(Beginning of Data shown)

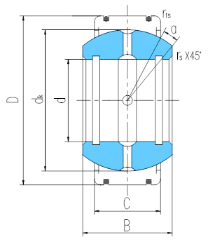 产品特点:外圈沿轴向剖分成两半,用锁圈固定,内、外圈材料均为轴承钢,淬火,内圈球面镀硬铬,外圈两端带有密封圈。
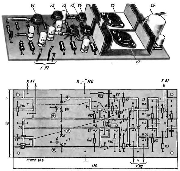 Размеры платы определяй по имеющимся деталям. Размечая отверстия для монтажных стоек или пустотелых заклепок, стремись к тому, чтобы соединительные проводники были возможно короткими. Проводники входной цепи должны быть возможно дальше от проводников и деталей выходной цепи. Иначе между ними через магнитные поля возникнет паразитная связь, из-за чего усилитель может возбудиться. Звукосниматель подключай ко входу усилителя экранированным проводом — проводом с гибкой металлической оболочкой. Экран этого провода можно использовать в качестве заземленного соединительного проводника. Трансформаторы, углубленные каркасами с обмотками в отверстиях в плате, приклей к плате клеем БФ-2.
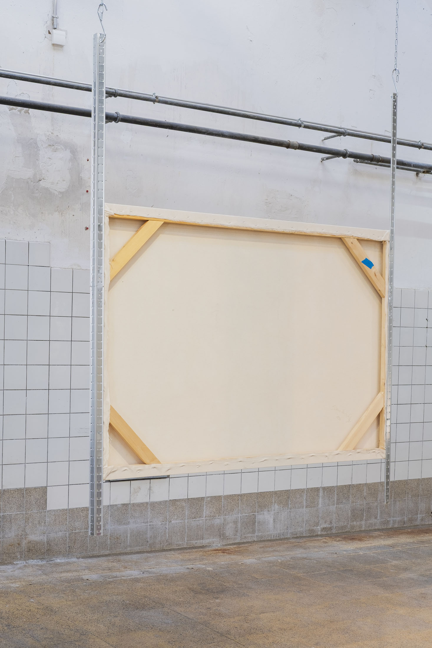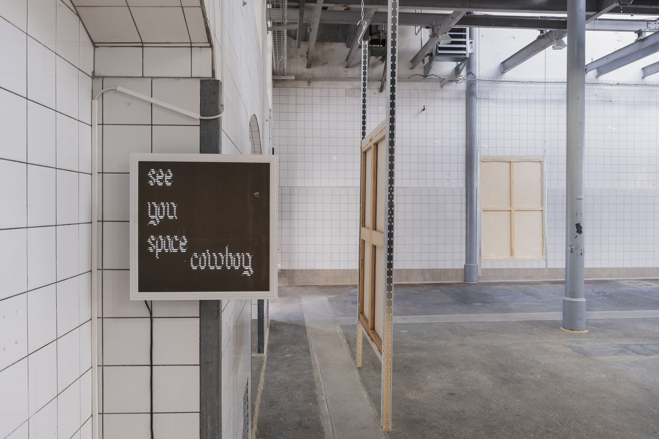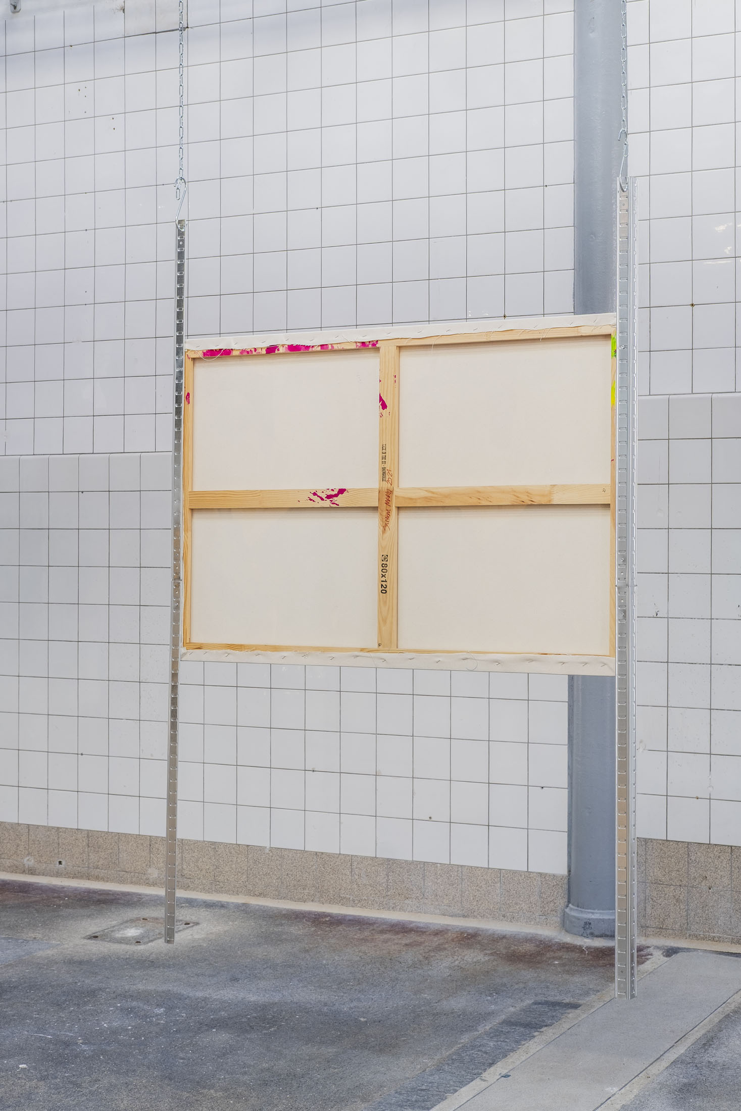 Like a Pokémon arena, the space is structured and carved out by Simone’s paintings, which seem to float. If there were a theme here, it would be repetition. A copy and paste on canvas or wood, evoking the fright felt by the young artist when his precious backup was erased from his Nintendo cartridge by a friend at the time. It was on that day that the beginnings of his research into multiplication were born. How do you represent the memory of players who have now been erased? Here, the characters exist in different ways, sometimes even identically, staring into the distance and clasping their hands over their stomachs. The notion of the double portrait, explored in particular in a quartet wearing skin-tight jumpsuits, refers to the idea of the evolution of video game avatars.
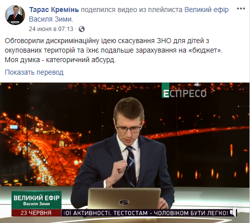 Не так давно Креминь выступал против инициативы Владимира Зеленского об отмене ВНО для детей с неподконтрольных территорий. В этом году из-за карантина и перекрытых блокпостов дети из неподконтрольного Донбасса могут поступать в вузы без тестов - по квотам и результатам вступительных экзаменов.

(End of Data shown)

**Problem requirements:** The answer should contain only the lines from the beginning of the material above through the line with "Размеры платы определяй", retyped exactly, with the pictures removed.

**Response area:**
 产品特点:外圈沿轴向剖分成两半,用锁圈固定,内、外圈材料均为轴承钢,淬火,内圈球面镀硬铬,外圈两端带有密封圈。
 Размеры платы определяй по имеющимся деталям. Размечая отверстия для монтажных стоек или пустотелых заклепок, стремись к тому, чтобы соединительные проводники были возможно короткими. Проводники входной цепи должны быть возможно дальше от проводников и деталей выходной цепи. Иначе между ними через магнитные поля возникнет паразитная связь, из-за чего усилитель может возбудиться. Звукосниматель подключай ко входу усилителя экранированным проводом — проводом с гибкой металлической оболочкой. Экран этого провода можно использовать в качестве заземленного соединительного проводника. Трансформаторы, углубленные каркасами с обмотками в отверстиях в плате, приклей к плате клеем БФ-2.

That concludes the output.